Lateral movement of the C79-44 girder was due to the expansion and/or later the sagging of the floor beams that framed into it from the east. The axial expansion in the girder itself moves it's ends closer to the C79/44 faces and is important because the west sideplate on C79 overhangs the edge, and the girder expands to the inside of it and so cannot possibly fail to the west at the temperatures illustrated in the 3 NIST case outputs that you were shown earlier. Every ARUP simulation shows this trapping of the girder at lower temperatures than NIST claim to have observed it fail to the west at.
Even NIST's own figure shows it is trapped.
View attachment 67198957
So the girder has to contract to the inside of the sideplate to be able to fail east or west. That requires it to be in a cooling phase and it will cool slower than the beams will making it impossible for the girder to fail as per NIST's stated hypothesis. *(ETA - Should say that Case 3 ARUP shows a failure in the heating phase due to sagging at temperature hundreds of degrees in excess of NIST's estimates.)

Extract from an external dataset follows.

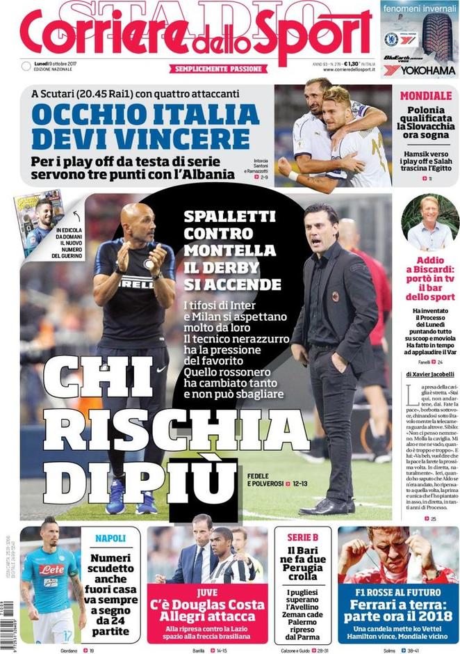 Cresce l’attesa per il derby fra le milanesi Inter e Milan di cui il Corriere dello Sport ricorda in prima pagina. I due club vengono da una stagione travagliata: posizioni in classifica dopo il quarto posto; sconfitte brucianti; umore a terra. L’Inter ha deciso di puntare su Luciano Spalletti che attualmente ha portato i nerazzurri al terzo posto, una buona posizione per tornare in Champions. Diversa la situazione di Vincenzo Montella che, dopo la sconfitta finita 0-2 contro la sua Roma, con il Milan si trova al settimo posto. I tifosi rossoneri si aspettano di più dalla propria squadra, mentre quelli nerazzurri vorrebbero consolidare l’attuale posizionamento.

Shyam Sunder, WTC Lead Investigator, NIST,
"And the main reason
the girder can be pushed off to the west is there is no opposing beam on this side trying to push it back to the east, because of the arrangement of the floor framing system. And, as you see in the sketch on your slides, you will see that once the bolts break, then you have essentially the girder moves off the seat and eventually falls."